Pre 20 September 2007 term allocated pensions and complying, lifetime and life expectancy income streams cannot be commuted except in the following circumstances (and where permitted by the trust deed):

  • On the death of the primary or reversionary beneficiary where a lump sum payment is made to the legal personal representative or dependant(s).
  • If the term is based on the longer of two spouses' life expectancies, upon the death of both spouses.
  • Within six months of commencement (provided that it was not funded from the commutation of another complying income stream).
  • To purchase another complying income stream.
  • To pay a surcharge liability.
  • To make a payment split under family law.
  • For a release authority or transitional release authority.

Note: Financial hardship is not an exception to the non-commutable rules for complying income streams.

Rollovers of complying income streams
In addition, a complying income stream (lifetime, fixed term, or TAP) may be rolled over after 1 July 2007 provided it is rolled over to an income stream:

  • that meets one of the new standards (as set out in sections 16.3 to 16.11), and
  • also meets the standards set out in the old regulations for complying fixed term or term allocated income streams.

A complying fixed term or term allocated income stream can commence on or after 20 September 2007 from the commutation of another complying income stream provided that the new income stream also meets the new regulations.
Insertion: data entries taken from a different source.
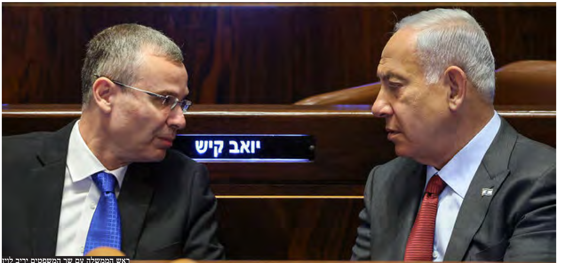
ראש הממשלה עם שר המשפטים יריב לוין

משבר חריף בין מערכת המשפט לשר המשפטים יריב לוין בעקבות החלטת בג"צ לחייב את השר להודיע בתוך 14 יום על בחירת מועד לכינוס הוועדה למינוי שופטים וקיום הצבעה על מינוי נשיא לבית המשפט העליון • סלע המחלוקת: שופטי העליון נחושים למנות את השופט יצחק עמית לתפקיד הנשיא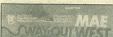
MAE SWAYOUT WES

Vescovi, Dany: Della Pina, Pietrasa (2.500-6.500 €) Vespignani, Renzo: Il Triangolo, C Vetruigno, Maurizio: Carbone.to (4.000-20.000 €)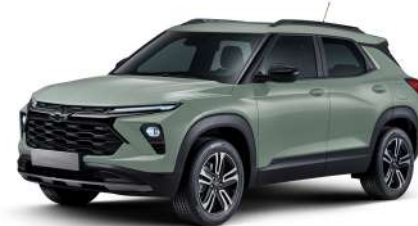
피스타치오 카키 (GVR)

In the case of a new TAP, for example, this involves meeting the old TAP regulations and the new regulations. In practice, this means that the allowable term of the new TAP has to be chosen such that the total value of payments in each year is at least equal to the amounts determined using the percentage factors.
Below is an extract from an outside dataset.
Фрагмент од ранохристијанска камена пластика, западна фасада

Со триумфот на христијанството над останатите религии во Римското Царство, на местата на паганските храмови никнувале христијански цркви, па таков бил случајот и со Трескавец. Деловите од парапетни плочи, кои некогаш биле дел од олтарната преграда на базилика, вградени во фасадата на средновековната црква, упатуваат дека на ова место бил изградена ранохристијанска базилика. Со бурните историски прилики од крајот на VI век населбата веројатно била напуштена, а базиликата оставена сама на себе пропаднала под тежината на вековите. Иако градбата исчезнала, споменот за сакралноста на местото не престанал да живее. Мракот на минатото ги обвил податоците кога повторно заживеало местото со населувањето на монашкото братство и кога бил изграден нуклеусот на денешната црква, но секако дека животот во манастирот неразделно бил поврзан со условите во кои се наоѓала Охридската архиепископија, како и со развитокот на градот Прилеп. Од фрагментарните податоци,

Important: Remember that, even though the rollover may be permitted, a pre 20 September 2007 income stream that is rolled over on or after 20 September 2007 may lose any assets test exemption status for social security.

Example - Rolling over a complying lifetime pension to a TAP

Tom has an SMSF in which he set up a complying lifetime pension for himself in 2000 as a result of potential excess benefits. The commutation value of his pension is $750,000 and he also has $120,000 in a solvency reserve in the fund supporting his pension. Tom requires regular actuarial advice in relation to his pension, which is proving costly and time consuming to administer. Subject to the rules of his complying lifetime pension to allow a rollover commutation, Tom can rollover to a TAP set up within his SMSF, provided that the TAP:

  • meets the new standards for an account-based pension, as set out in section 16.7. That is, it has minimum annual payments at least equal to the amount calculated using the new percentage factors; will pay a pro-rated minimum payment before any allowable commutation; cannot revert to an adult child and cannot be used as security for borrowing, and
  • also continues to meet the standards set out in the old regulations for complying term allocated pensions. That is, it is of a fixed term that is based on Tom's age and life expectancy; annual payments are determined using relevant pension factors and the pension cannot be commuted other than in very limited circumstances.